A recent meta-analysis of prospective cohort studies examining determinants of cardiovascular disease, suggests an average excess risk of 50% in employees who are exposed to an adverse psychosocial work environment (eg, high job strain).1 These results have considerable clinical implications, especially since psychosocial stressors at work are relatively common.2
Before a consensus on psychosocial work environment as a major risk factor for cardiovascular disease can be reached, data from population interventions aimed at preventing this risk factor are needed. To date, no large scale evaluations of such interventions have been published, perhaps due to lack of knowledge regarding how such interventions should be carried out. To help define the interventions required, we tested whether concrete managerial behaviours promoting a favourable psychosocial work environment were associated with a reduced risk of cardiovascular disease among employees.

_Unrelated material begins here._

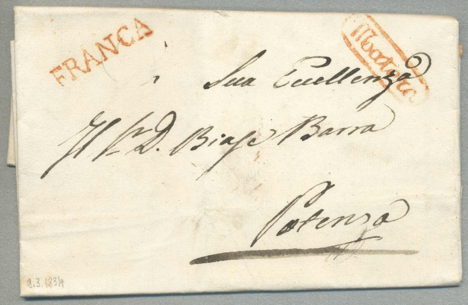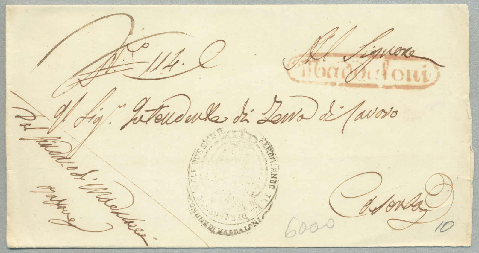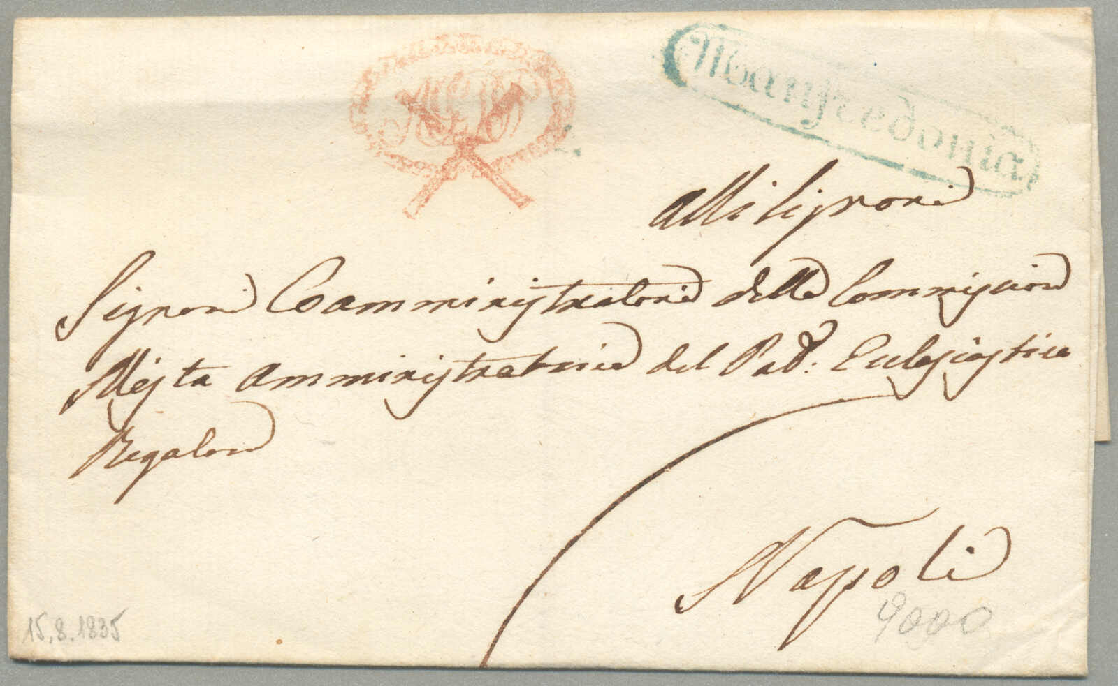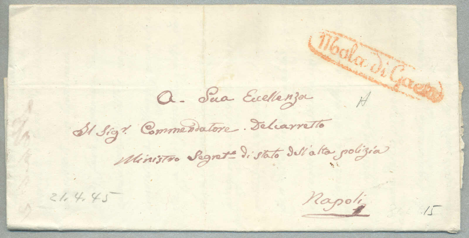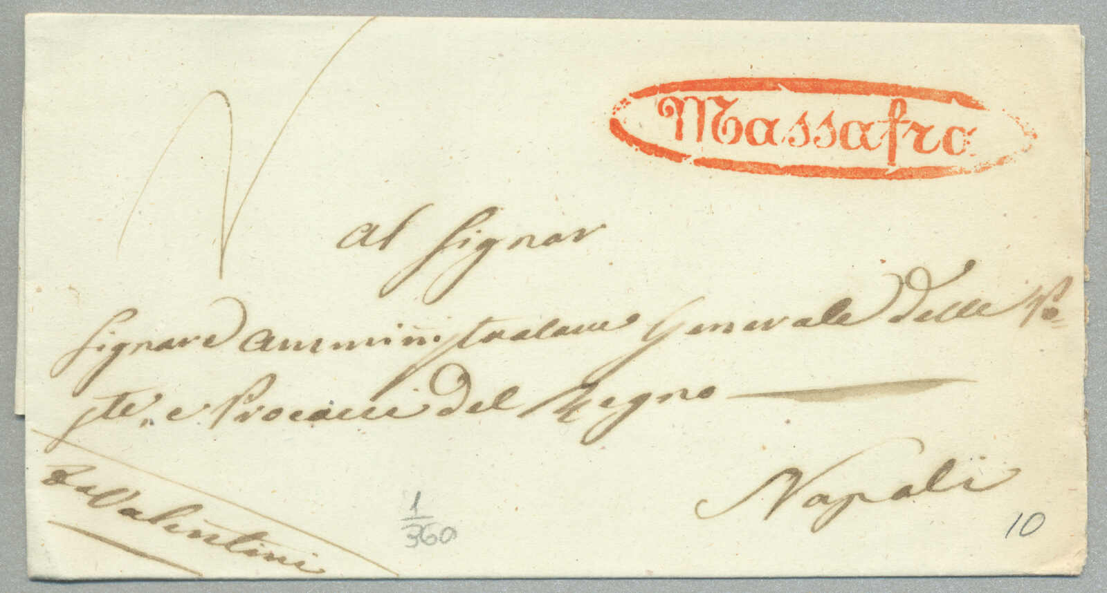 about 1830s, with neatly strike of red MARDALONI, on folded letter, ex Provera, XF! Estimate 200€.
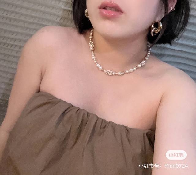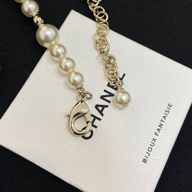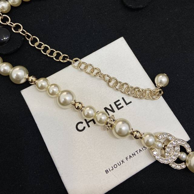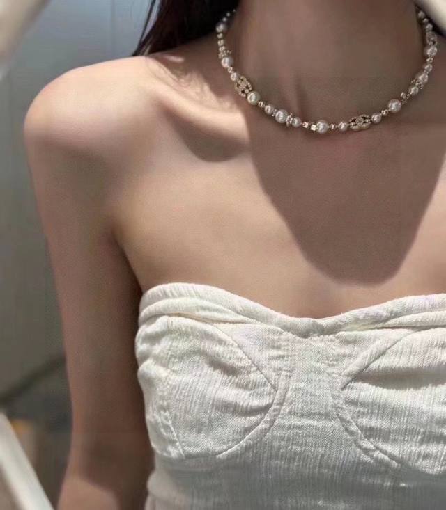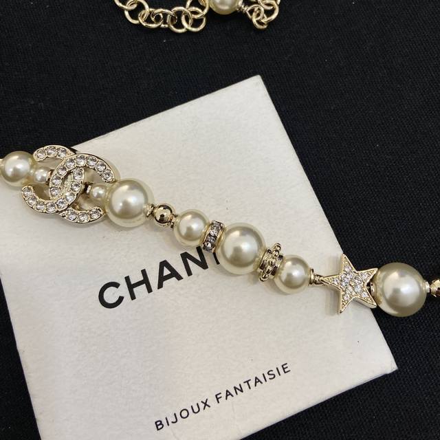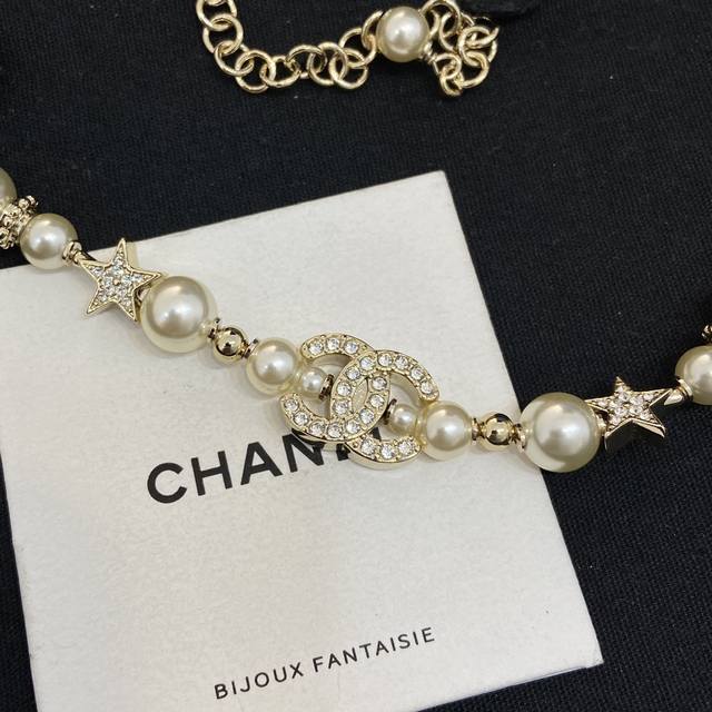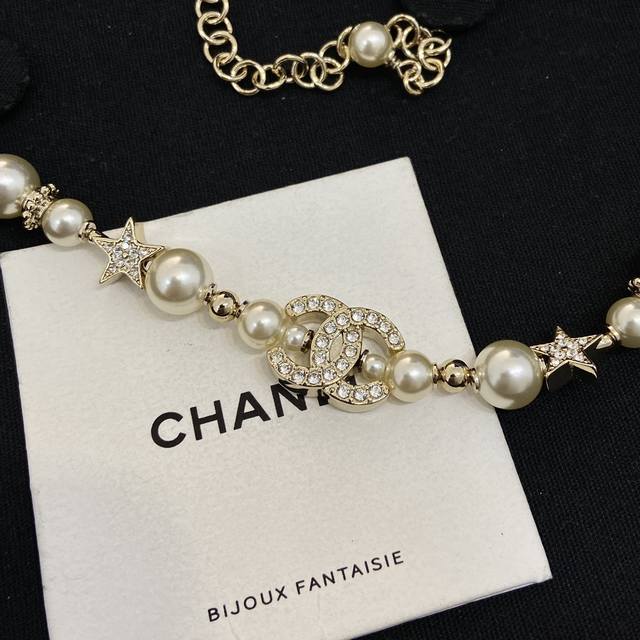 Ch Nel23A Gold Full Diamond Double C Small Star Pearl Necklace Choker

Observational evidence on various general conceptualisations describing leadership as predictors of employee health is accumulating.3 For example, considerate behaviour on behalf of the leader, structures initiated with consideration for the employee, and transformational behaviours (communication of a vision, intellectual stimulation, consideration of individual employees) have all been found to be related to good employee health, job satisfaction and productivity.4–13 A high level of justice in managerial behaviours has been shown to be related to increased employee motivation and cooperation, decreased levels of negative emotions and sickness absence, and reduced risk of coronary heart disease (CHD).14–20 In contrast, perceived abusive, passive-avoidant and laissez-faire leadership has been found to be associated with increased psychological distress,21–23 and lack of social support in combination with job strain has been shown to be related to elevated risks for cardiovascular disease and increased levels of sickness absence.24–26 Finally, a Swedish study found a decrease in serum cortisol levels and an improvement in perceived authority over decisions among employees whose managers participated in a psychosocial manager program compared with a control group.27
Many of the studies described above were based on cross-sectional designs, self-reported data and/or assessments of managerial leadership defined in general terms of justice and support. The aim of the present study was to examine the association between employees’ perceptions of managerial behaviours and objectively measured incident ischaemic heart disease (IHD) in a prospective research design, while adjusting for conventional cardiovascular risk factors. We focussed on concrete managerial behaviours, such as the manager’s consideration for the individual employee, provision of clarity in goals and role expectations, supplying information and feedback, ability to carry out changes at work successfully, and promotion of employee participation and control (for a description of the measured leadership behaviours, see table 4).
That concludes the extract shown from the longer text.